--- GIVEN DATA ---
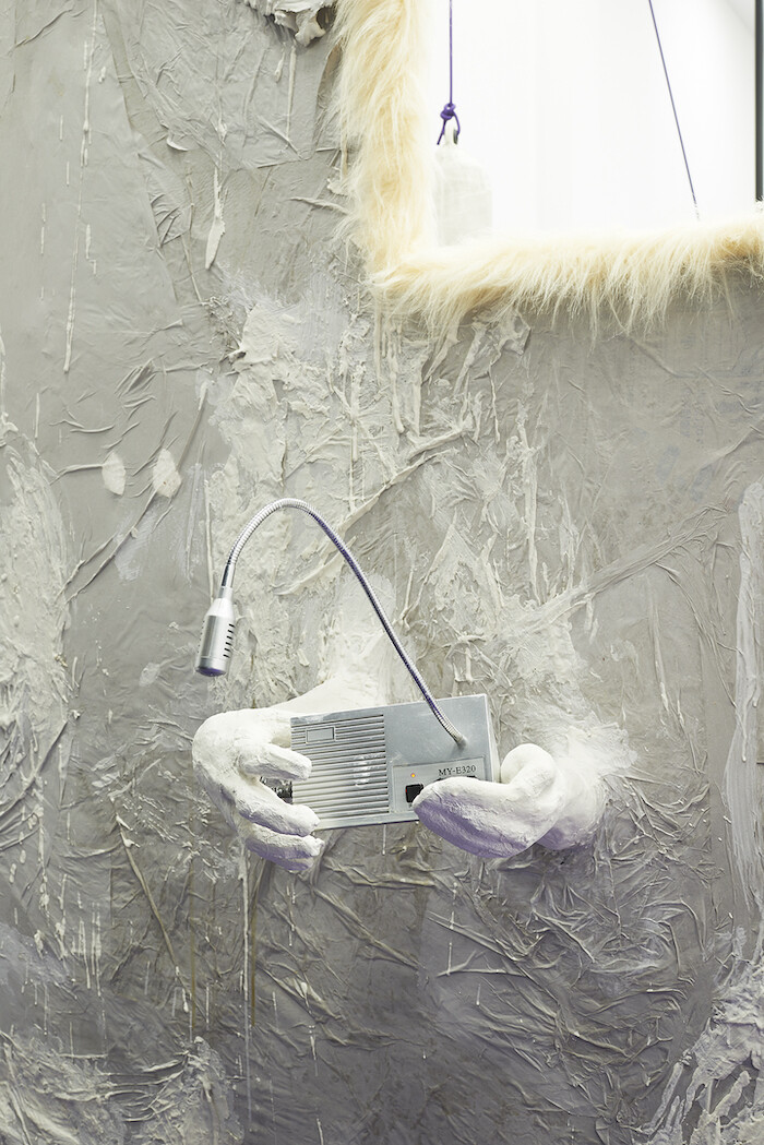 To the Pluto-in-Scorpio generation that planet’s transit has added significance: Scorpio is Pluto’s favored home among the stars. Zodiacally speaking, Scorpio is the existential celestial mansion, signifying sex, death, and all manner of dark matter. In popular astrology columns, the Pluto-in-Scorpio generation has been touted as a mystic rebranding of millennials, with social-media immersion recast as a drive to integration, to the synthesis of the plenum. What this means for art is a type of practice that could be dubbed “epic concretion”—“epic” in its reach across the largest scales of signification, and “concrete” in its drive to render such scale within the mundane detail of roughly cast plaster, stained carpet, inexplicable dripping liquid, and so on. Born in 1987, Bycroft is squarely within Scorpio-in-Pluto range. Her art is generously expressive of the epic concretion style, which, at 1646, is dispersed through a truly prodigious volume of objects, videos, and materials. Did I mention the spooky owl fresco nursing a miniature screen in its plaster wing? Or the roughly sewn textural drapes? Or the flesh-pink vinyl viewing mattress?
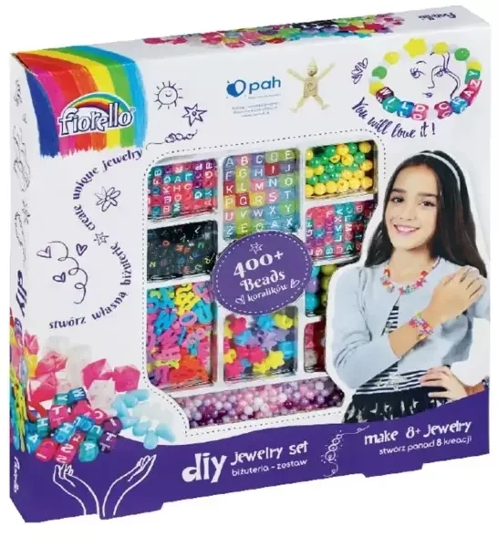 Zestaw kreatywny FIORELLO pozwala na tworzenie własnych, oryginalnych ozdób dzięki zawartym w nim ponad 400 elementom. W skład zestawu wchodzą koraliki, alfabet w postaci charmsów, żyłki, gumki oraz różne inne akcesoria, które ułatwiają tworzenie niesamowitej biżuterii.W pełni bezpieczne i zgodne z normami UE
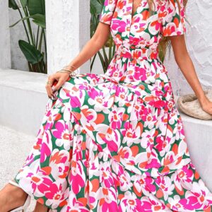 PRETTYGARDEN Short Sleeve V Neck Printed Beach Vacation Dresses for Women
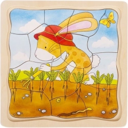 Ove slojevite drvene puzzle prikazuju četiri faze razvoja mrkve – od sjemena do berbe. Svaki sloj ima drugačiju sliku i različit broj dijelova, čime se prirodno povećava zahtjevnost i održava pažnja djece. Čvrsta drvena ploča s okvirom osigurava udobno i stabilno slaganje.

--- WHAT THE EXERCISE ASKS ---
Copy the line showing "Zestaw kreatywny FIORELLO" exactly, along with each line after it through the end of the material above. Pictures stay out.

--- RESPONSE TO THIS EXERCISE ---
 Zestaw kreatywny FIORELLO pozwala na tworzenie własnych, oryginalnych ozdób dzięki zawartym w nim ponad 400 elementom. W skład zestawu wchodzą koraliki, alfabet w postaci charmsów, żyłki, gumki oraz różne inne akcesoria, które ułatwiają tworzenie niesamowitej biżuterii.W pełni bezpieczne i zgodne z normami UE
 PRETTYGARDEN Short Sleeve V Neck Printed Beach Vacation Dresses for Women
 Ove slojevite drvene puzzle prikazuju četiri faze razvoja mrkve – od sjemena do berbe. Svaki sloj ima drugačiju sliku i različit broj dijelova, čime se prirodno povećava zahtjevnost i održava pažnja djece. Čvrsta drvena ploča s okvirom osigurava udobno i stabilno slaganje.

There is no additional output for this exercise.